Un habitant du quartier de Khezaa de Khan Younis, dans le sud de la bande de Gaza, assis entre deux jeunes garçons, réchauffait de la nourriture parmi les décombres de son appartement détruit par une frappe israélienne, le 25 novembre 2023. © 2023 Mohamad Zaanoun/ Middle East Images/AFP via Getty Images

Le rôle des organisations humanitaires en période de conflit est clair : elles veillent à ce que les civils aient accès à de la nourriture, à de l’eau et à des abris, et aident les personnes en danger à être protégées. Quel est notre rôle à nous ?

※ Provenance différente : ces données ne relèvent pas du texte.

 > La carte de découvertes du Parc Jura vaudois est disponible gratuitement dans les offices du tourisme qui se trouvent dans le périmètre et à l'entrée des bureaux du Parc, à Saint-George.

Nous travaillons sur les conflits armés depuis des décennies, qu’il s’agisse des guerres civiles dans les Amériques au début des années 1980 ou des hostilités actuelles en Israël et en Palestine. Nous alertons la communauté internationale sur les conflits armés potentiels et les risques que les violations des lois de la guerre font peser sur les civils.

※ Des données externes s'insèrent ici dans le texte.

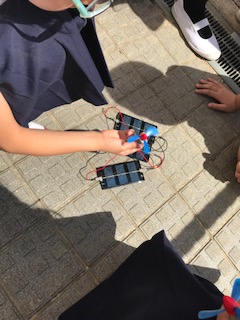 光電池に日光に当てると電気が流れることを知り、たくさんの電流を流そうとして回路を工夫するグループもいました。 -
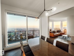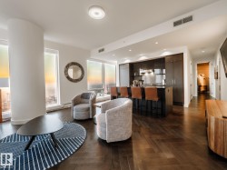 EXCLUSIVE 44TH FLOOR SUITE BOASTING PREMIUM DESIGNER FINISHES....SPECTACULAR PANORAMIC VIEWS....ARCHITECTURAL PERFECTION....HERRINGBONE LAID HARDWOOD FLOORS....WHEN NOTHING BUT THE BEST WILL DO...~!WELCOME HOME!~ First steps into your new LIFESTYLE; perfect foyer leads towards the HEART of the condo. Spectacular kitchen, high end appliances w/ built in wine fridge, and a warm modern flavour. CURTAIN WALL GLASS is everywhere * custom powered window treatments lets you decide on the birds eye city view or opulence exuding inside the unit! The living space falls nothing short of spectacular. The north wing has a dining room w/ views for days. Den/flex room on east side separates the primary bedroom; and yes it has a large walk through closet and proper spa/ensuite. What could be a third bedroom is on the west side of the unit( also well appointed!) all perched on top of the ice district, JW MARRIOT, comes w/ concierge, access to pool & ARCHETYPE gym, dinning, shopping & more. Second parking stall optional*

Nos chercheurs documentent le comportement des parties aux conflits et les lois qu’elles ont violées au cours des combats. Nous analysons ces preuves et les transmettons aux parties belligérantes, en utilisant nos conclusions pour les inciter – ou convaincre les gouvernements du monde entier de les inciter – à modifier leur comportement et à protéger les civils pris entre deux feux, comme il est de leur devoir légal d’y veiller. Nous menons également des campagnes pour que les responsables rendent des comptes devant les tribunaux, au niveau national ou international, comme la Cour pénale internationale, lorsque les violations constituent des crimes de guerre, des crimes contre l’humanité ou des génocides.

Votre réponse m’amène à une autre question : le travail de Human Rights Watch peut-il prévenir les conflits avant qu’ils ne commencent ?

Notre travail peut contribuer à prévenir les conflits armés en braquant les projecteurs sur les violations des droits humains qui sont à l’origine de tant de conflits dans le monde : lorsque les forces de sécurité maltraitent les populations qu’elles sont censées protéger, lorsque les gouvernements répriment des groupes ethniques, nationaux ou religieux, lorsque des médias libres ou Internet sont fermés et que des journalistes sont tués, permettant à la désinformation de prospérer, lorsque des armes affluent dans des endroits dépourvus de gouvernance. Nos recherches sur les violations de ce type et nos actions de plaidoyer pour amener les gouvernements à changer de cap et à respecter les droits peuvent contribuer à endiguer les tensions qui débouchent souvent sur des conflits armés.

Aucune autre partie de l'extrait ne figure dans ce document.